I don't think I have anything insightful to add to that, really, so my meta's basically stalled before it's begun. But, just for a bit of personal colour, I'll say I'm optimistically cynical, so I don't think they had finished negotiating the process by the end of Chosen, but at the same time I think it would have been perfectly feasible for them to make it into a stable, only-new-issues-plz relationship by the end of a (hypothetical) season that came after. The immediate things I see that they had left to fix, after all, are relatively simple: for a start they needed to normalise their sleepy cuddles into something that wasn't coloured by 'the world might be ending - there's no need to visualise the future', and then they needed to make headway into the scary realm of actively attempting leisure activities, rather than 'I need to sit in the quiet - do you need to sit in the quiet? - let's sit in the quiet'.
Not that I'm trying to knock sitting in the quiet, I hasten to add, but it's a difference of planning to spend time with someone because they are someone and spending time with someone without planning partly because they aren't everybody else. 'I can be alone with you here' says something important, but it's a lack-of-negative rather than a positive. And while clearly Buffy and Spike were seeking out each other's company by the end of S7 (which is a step up), they equally weren't making plans and only negotiated things (like where Buffy was sleeping in Chosen) as and when it was necessary to do so. Short-term stuff =/= putting all their issues behind them. (And oh, hell, did I just argue that what Buffy and Spike needed to do was agree they were 'going steady'??)
So, yeah, that's where I am, I think. S7 Spuffy: means to an end, the conclusion of which we were so rudely deprived of. Still my favourite Spuffy season though. ;)

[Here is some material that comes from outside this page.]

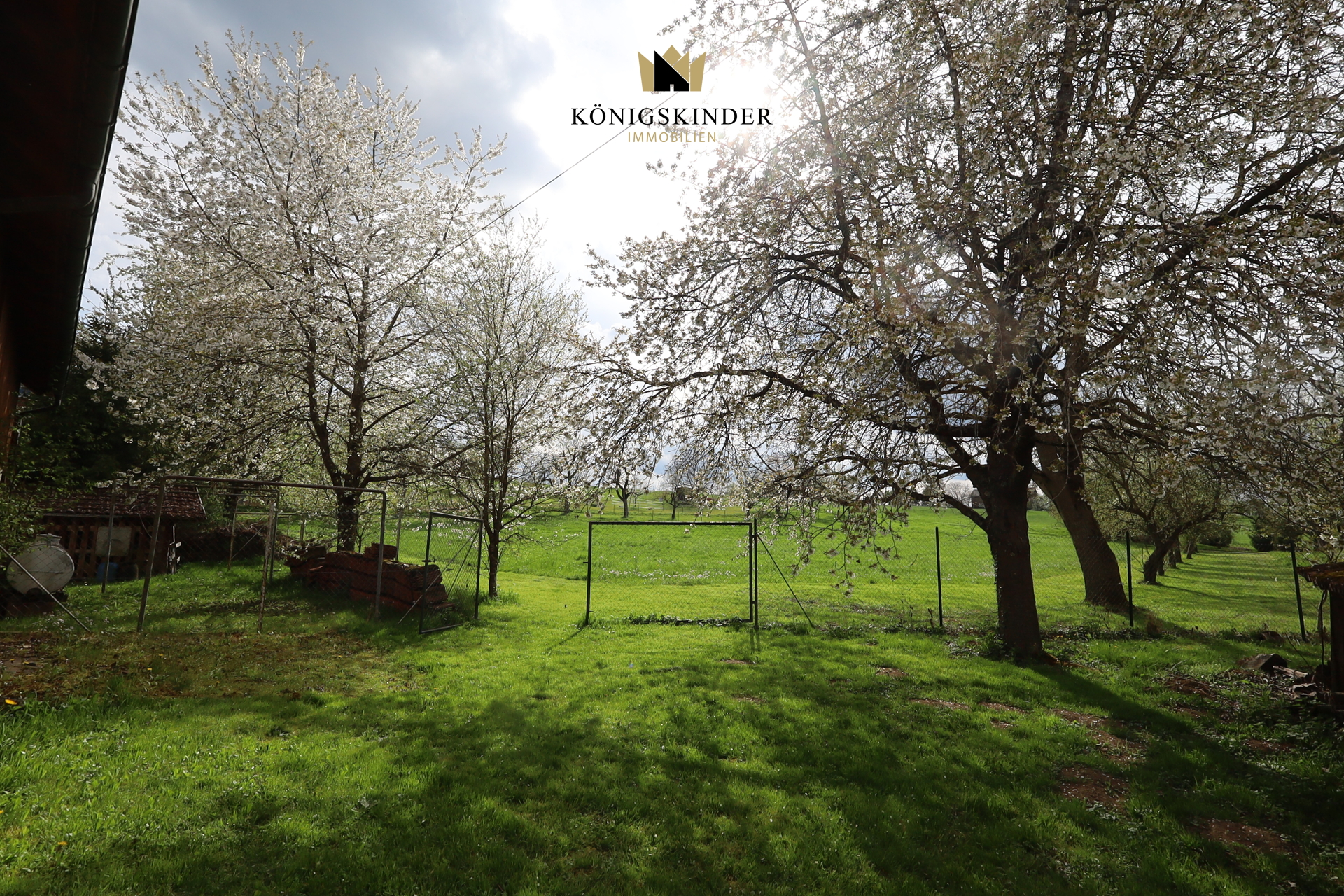 Dieses Anwesen ist ein kleines Paradies. Das Grundstück ist Teil einer größeren Liegenschaft - das Grünland hinter dem bereits vermessenen Flurstück (das genaue Maß ist noch nicht bekannt) bleibt unverbaubar.

ETA: Off for pizza (yay pizza!).
![[livejournal.com profile]](https://www.dreamwidth.org/img/external/lj-userinfo.gif)
Things fall apart. They fall apart so hard. You can't ever put them back the way they were. You know, it takes time. You can't just [rely on each other because no one else is quite so dependable ] and expect... There's just so much to work through. Trust has to be built again, on both sides. You have to learn if you're even the same people you were, if you can fit in each other's lives. It's a long, important process, and [you can't just skip it, because otherwise all you're doing is shagging through the mistrust until one of you gets shot, which isn't a long-term solution].
I don't think I have anything insightful to add to that, really, so my meta's basically stalled before it's begun. But, just for a bit of personal colour, I'll say I'm optimistically cynical, so I don't think they had finished negotiating the process by the end of Chosen, but at the same time I think it would have been perfectly feasible for them to make it into a stable, only-new-issues-plz relationship by the end of a (hypothetical) season that came after. The immediate things I see that they had left to fix, after all, are relatively simple: for a start they needed to normalise their sleepy cuddles into something that wasn't coloured by 'the world might be ending - there's no need to visualise the future', and then they needed to make headway into the scary realm of actively attempting leisure activities, rather than 'I need to sit in the quiet - do you need to sit in the quiet? - let's sit in the quiet'.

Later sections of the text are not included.